Output the data below exactly, without images.

▶ [INFORMATION SHOWN]
__________

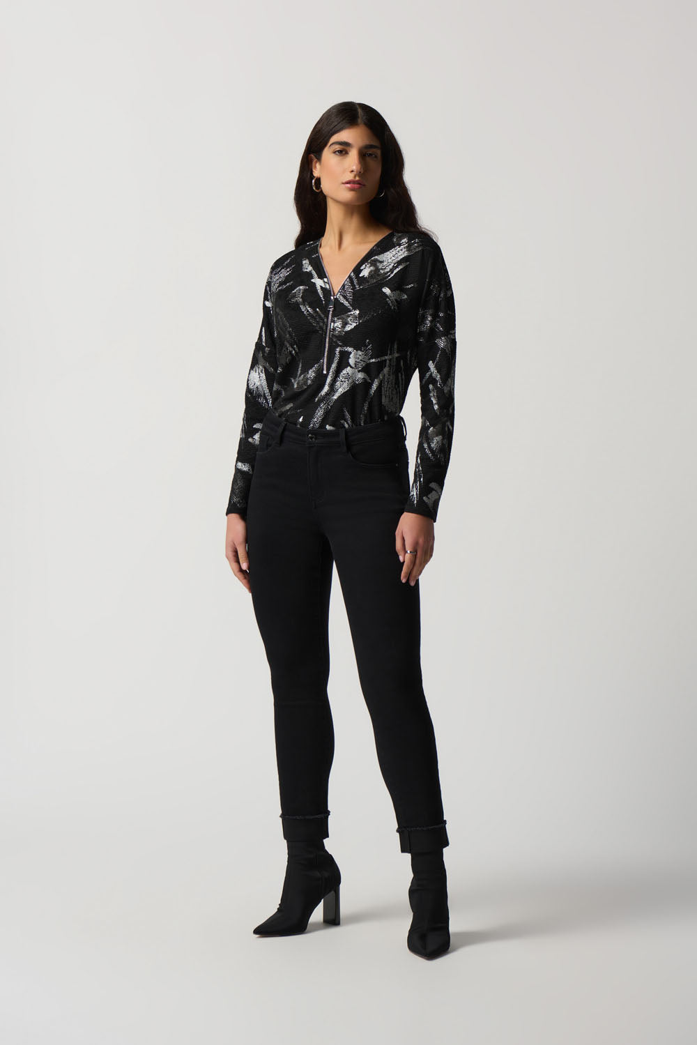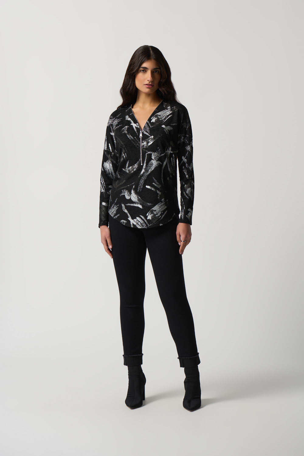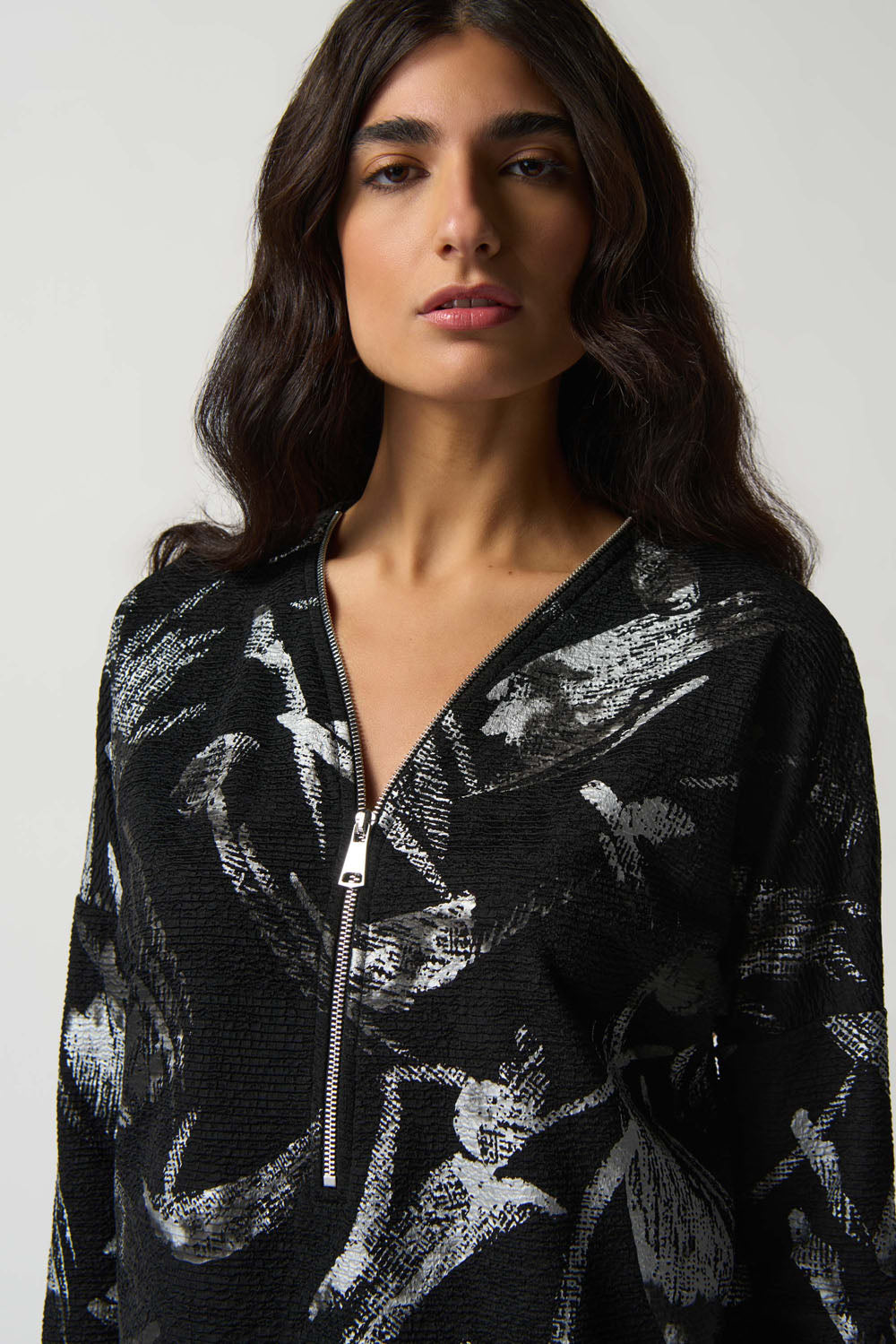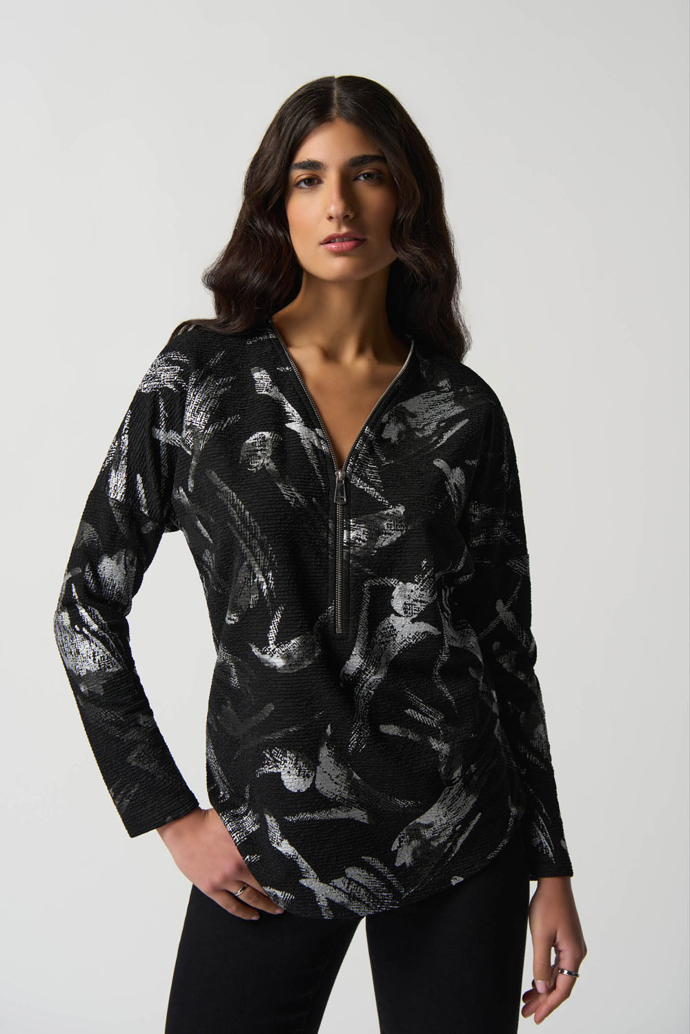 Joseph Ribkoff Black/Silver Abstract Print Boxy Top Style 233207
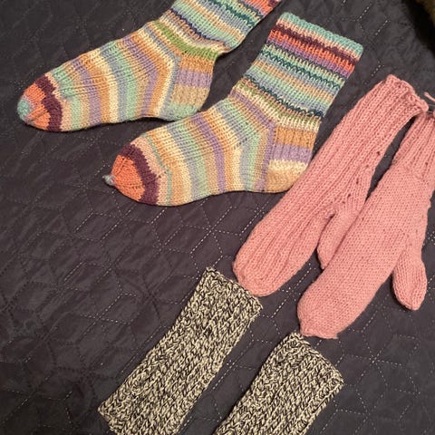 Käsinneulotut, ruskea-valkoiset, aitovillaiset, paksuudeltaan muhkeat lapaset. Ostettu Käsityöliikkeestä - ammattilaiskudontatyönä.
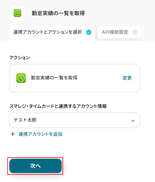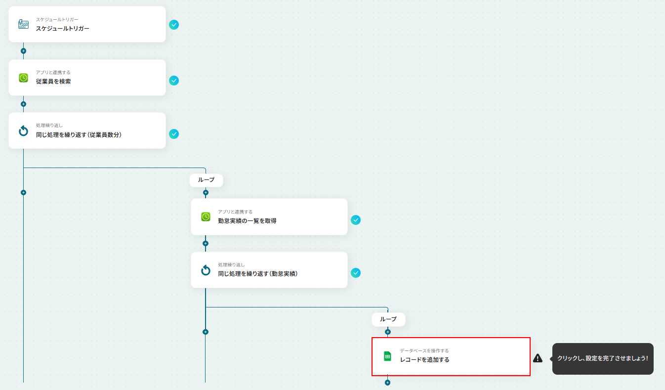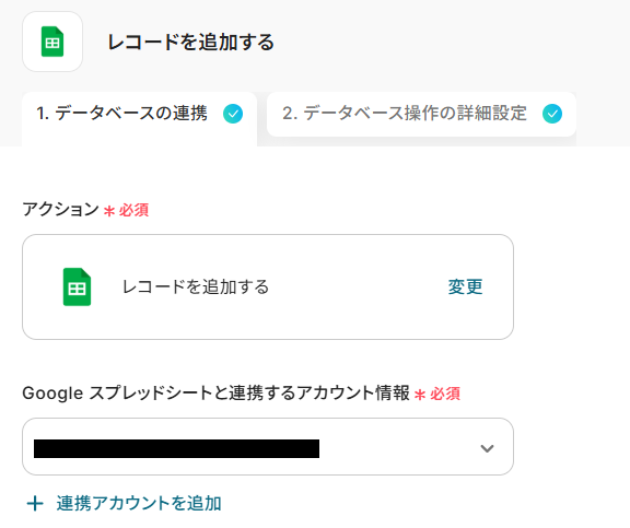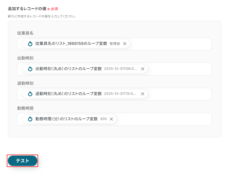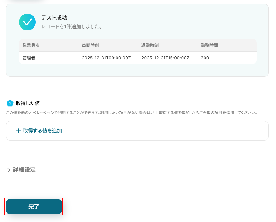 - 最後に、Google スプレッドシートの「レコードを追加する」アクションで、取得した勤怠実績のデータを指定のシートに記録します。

__________

▶ [WRITTEN RESPONSE]
 Joseph Ribkoff Black/Silver Abstract Print Boxy Top Style 233207
 Käsinneulotut, ruskea-valkoiset, aitovillaiset, paksuudeltaan muhkeat lapaset. Ostettu Käsityöliikkeestä - ammattilaiskudontatyönä.
 - 最後に、Google スプレッドシートの「レコードを追加する」アクションで、取得した勤怠実績のデータを指定のシートに記録します。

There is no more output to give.